● Task to carry out: Keep the lines exact and the pictures out as you repeat the following listing.

● Data provided:
Start of Block

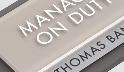 manager on duty sign w/ nameplate
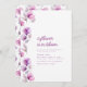 Se você ama estilo simples, este convite é certo para você. O convite apresenta um design elegante, com fundo branco macio e com delicadas flores púrpuras de aquarela à esquerda. No centro, os detalhes do partido são lindamente escritos em texto roxo exuando um ar de sofisticação. Convide convidados para a sua festa de chá de fraldas em estilo. A cor e o texto em segundo plano são editáveis.
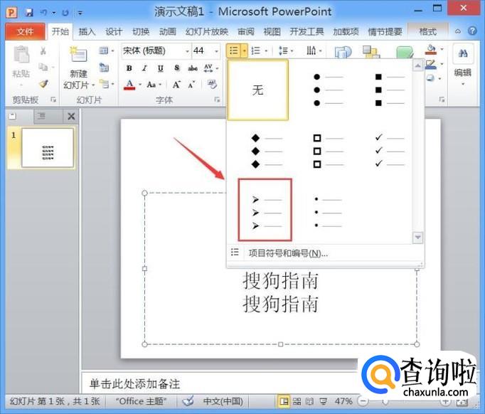 点击项目符号的下拉箭头在其下拉菜单里选择一种项目符号,如图所示:
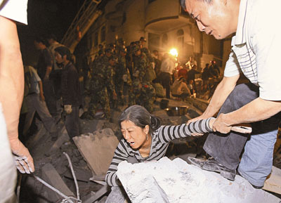 ■13日,救援人員在四川都江堰市聚源鎮聚源中學救出一名女生還者。 路透社
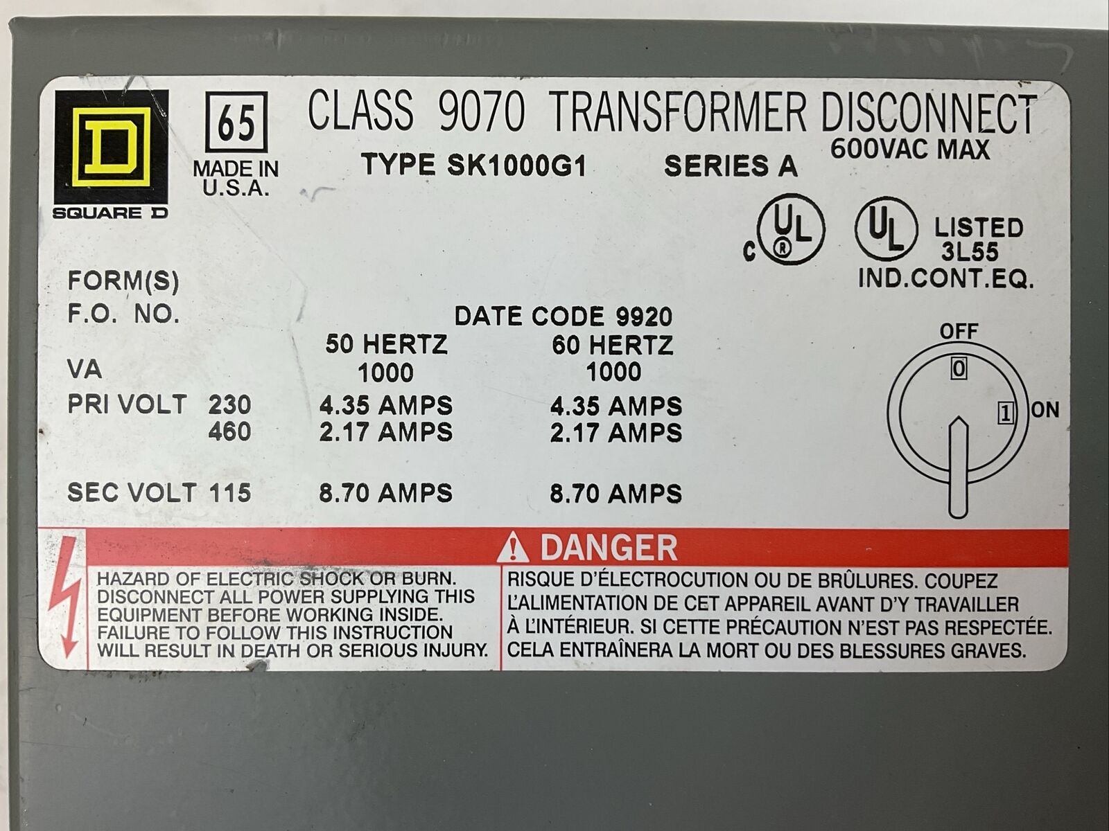SQUARE D 9070 SK1000G1 TRANSFORMER DISCONNECT SER A PRI VOLT 230 4.35A 460 2.17A
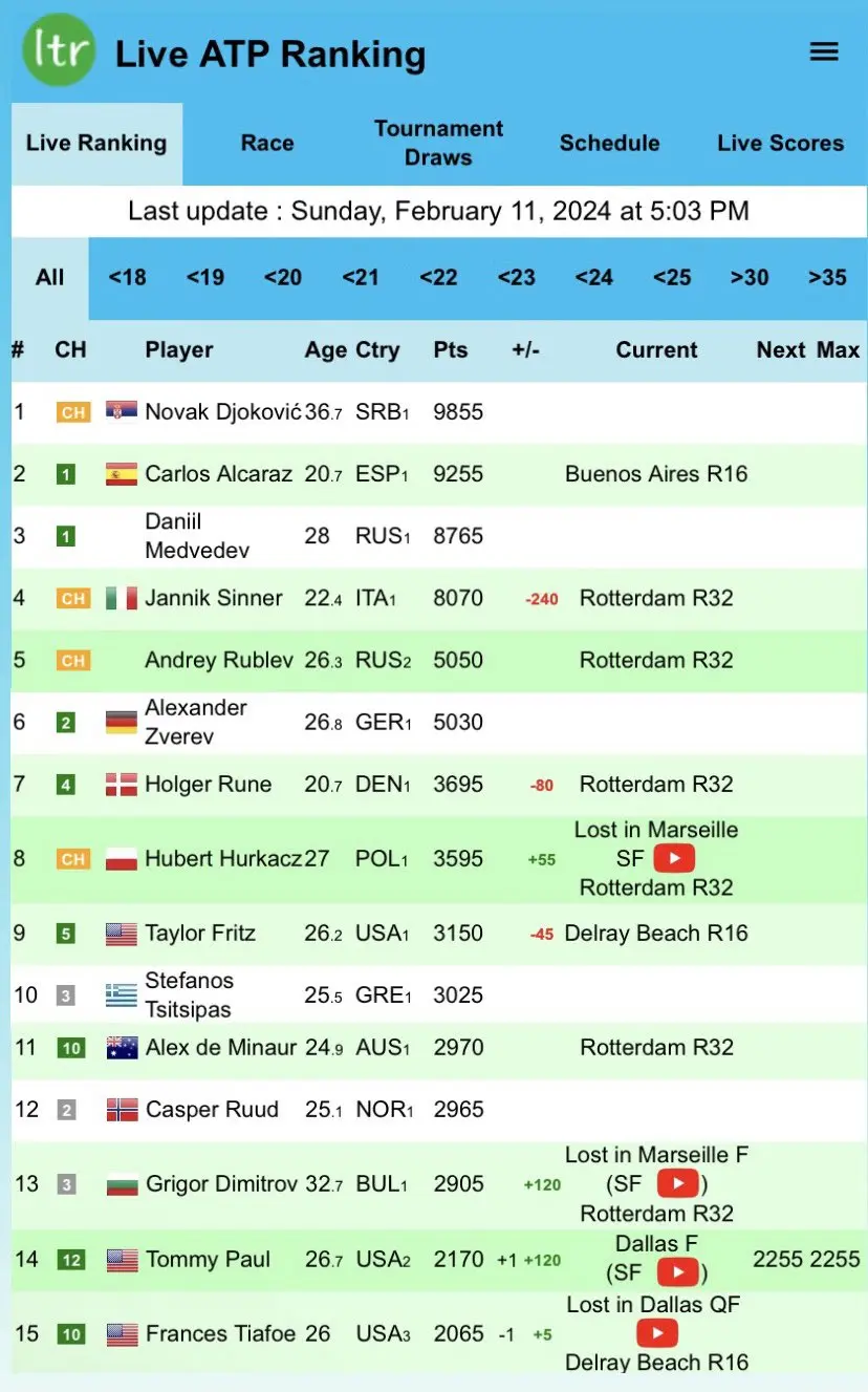 A partire dalla seconda settimana di ottobre 2023, gli aggiornamenti del ranking ATP continuano a generare discussioni tra gli appassionati di tennis. I principali cambiamenti recenti hanno visto l’ascesa di alcuni giovani talenti, mentre grandi nomi del tennis mondiale hanno visto variazioni significative nei loro punteggi.

End of Block

● Response for this exercise:
 manager on duty sign w/ nameplate
 Se você ama estilo simples, este convite é certo para você. O convite apresenta um design elegante, com fundo branco macio e com delicadas flores púrpuras de aquarela à esquerda. No centro, os detalhes do partido são lindamente escritos em texto roxo exuando um ar de sofisticação. Convide convidados para a sua festa de chá de fraldas em estilo. A cor e o texto em segundo plano são editáveis.
 点击项目符号的下拉箭头在其下拉菜单里选择一种项目符号,如图所示:
 ■13日,救援人員在四川都江堰市聚源鎮聚源中學救出一名女生還者。 路透社
SQUARE D 9070 SK1000G1 TRANSFORMER DISCONNECT SER A PRI VOLT 230 4.35A 460 2.17A
 A partire dalla seconda settimana di ottobre 2023, gli aggiornamenti del ranking ATP continuano a generare discussioni tra gli appassionati di tennis. I principali cambiamenti recenti hanno visto l’ascesa di alcuni giovani talenti, mentre grandi nomi del tennis mondiale hanno visto variazioni significative nei loro punteggi.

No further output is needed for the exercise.